• **DIRECTIONS FOR THIS TASK**: Starting at the line below that contains "Flacon de 50" and ending at the line that contains "Lançada com o", retype each line exactly as it stands, but omit the pictures.

• **INFORMATION**:
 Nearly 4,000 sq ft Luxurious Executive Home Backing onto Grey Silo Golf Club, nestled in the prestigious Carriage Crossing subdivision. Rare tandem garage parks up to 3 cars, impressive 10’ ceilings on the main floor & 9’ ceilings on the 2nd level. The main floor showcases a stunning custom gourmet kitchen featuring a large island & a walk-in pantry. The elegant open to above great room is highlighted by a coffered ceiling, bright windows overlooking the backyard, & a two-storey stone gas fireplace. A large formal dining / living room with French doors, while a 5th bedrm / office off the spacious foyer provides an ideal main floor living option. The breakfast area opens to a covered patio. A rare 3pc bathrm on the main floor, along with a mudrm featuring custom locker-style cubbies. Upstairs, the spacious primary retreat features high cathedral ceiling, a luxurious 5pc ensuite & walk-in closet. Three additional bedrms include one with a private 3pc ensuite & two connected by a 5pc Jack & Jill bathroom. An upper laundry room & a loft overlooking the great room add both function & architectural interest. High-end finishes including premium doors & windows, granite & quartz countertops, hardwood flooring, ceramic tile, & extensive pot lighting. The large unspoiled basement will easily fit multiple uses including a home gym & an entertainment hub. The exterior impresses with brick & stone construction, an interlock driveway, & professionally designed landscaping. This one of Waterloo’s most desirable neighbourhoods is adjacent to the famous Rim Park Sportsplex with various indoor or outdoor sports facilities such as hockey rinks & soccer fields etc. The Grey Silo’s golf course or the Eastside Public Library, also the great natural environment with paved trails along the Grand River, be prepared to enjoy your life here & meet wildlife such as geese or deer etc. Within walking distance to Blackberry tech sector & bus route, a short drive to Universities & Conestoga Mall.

---

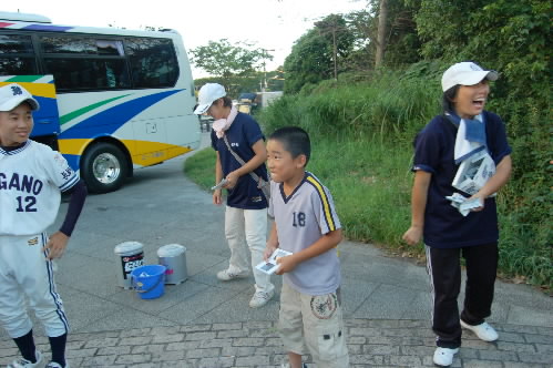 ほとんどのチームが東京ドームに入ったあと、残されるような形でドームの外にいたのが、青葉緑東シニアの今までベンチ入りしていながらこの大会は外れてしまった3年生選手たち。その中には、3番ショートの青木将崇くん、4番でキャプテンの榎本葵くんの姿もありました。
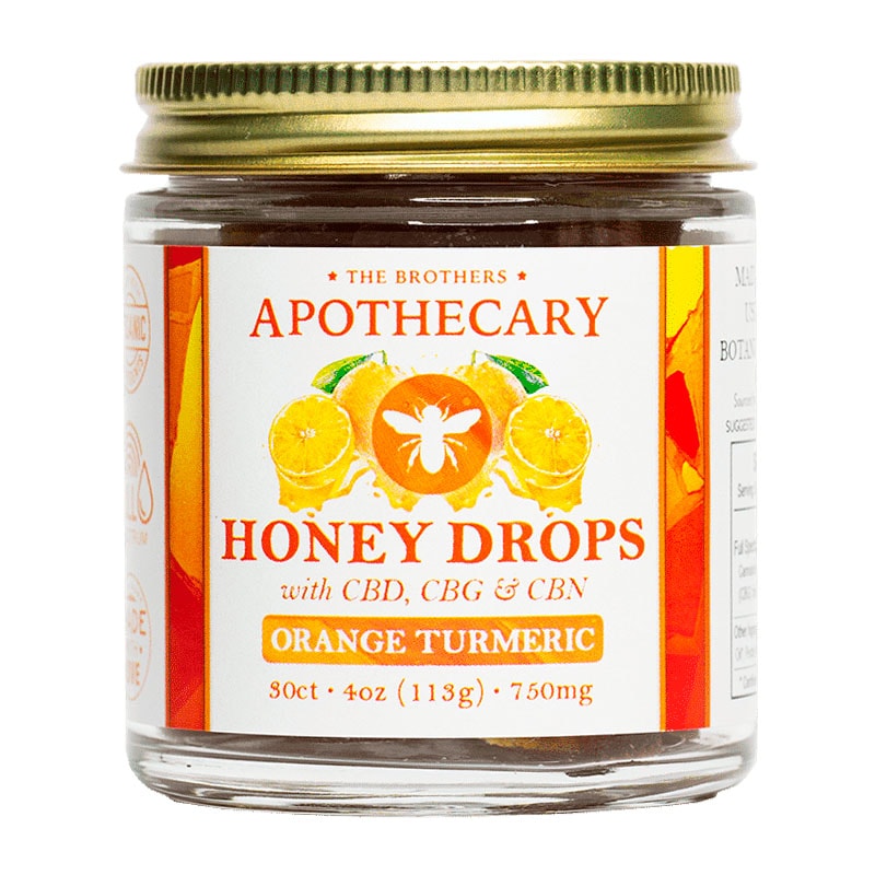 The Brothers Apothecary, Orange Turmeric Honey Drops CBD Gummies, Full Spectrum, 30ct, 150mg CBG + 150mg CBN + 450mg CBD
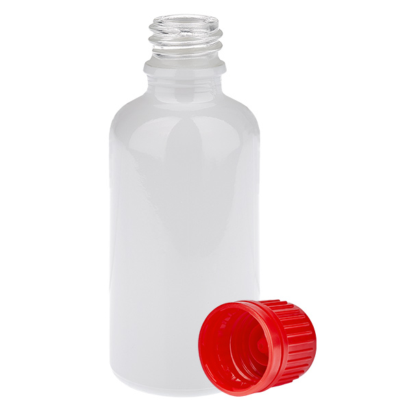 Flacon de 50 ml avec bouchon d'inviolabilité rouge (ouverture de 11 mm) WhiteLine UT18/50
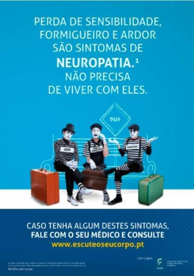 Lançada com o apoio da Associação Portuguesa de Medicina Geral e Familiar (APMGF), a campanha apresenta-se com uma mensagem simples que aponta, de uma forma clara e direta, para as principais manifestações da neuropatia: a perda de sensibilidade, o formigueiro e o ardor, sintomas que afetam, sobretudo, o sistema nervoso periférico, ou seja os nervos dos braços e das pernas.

• **WORKED SOLUTION**:
 Flacon de 50 ml avec bouchon d'inviolabilité rouge (ouverture de 11 mm) WhiteLine UT18/50
 Lançada com o apoio da Associação Portuguesa de Medicina Geral e Familiar (APMGF), a campanha apresenta-se com uma mensagem simples que aponta, de uma forma clara e direta, para as principais manifestações da neuropatia: a perda de sensibilidade, o formigueiro e o ardor, sintomas que afetam, sobretudo, o sistema nervoso periférico, ou seja os nervos dos braços e das pernas.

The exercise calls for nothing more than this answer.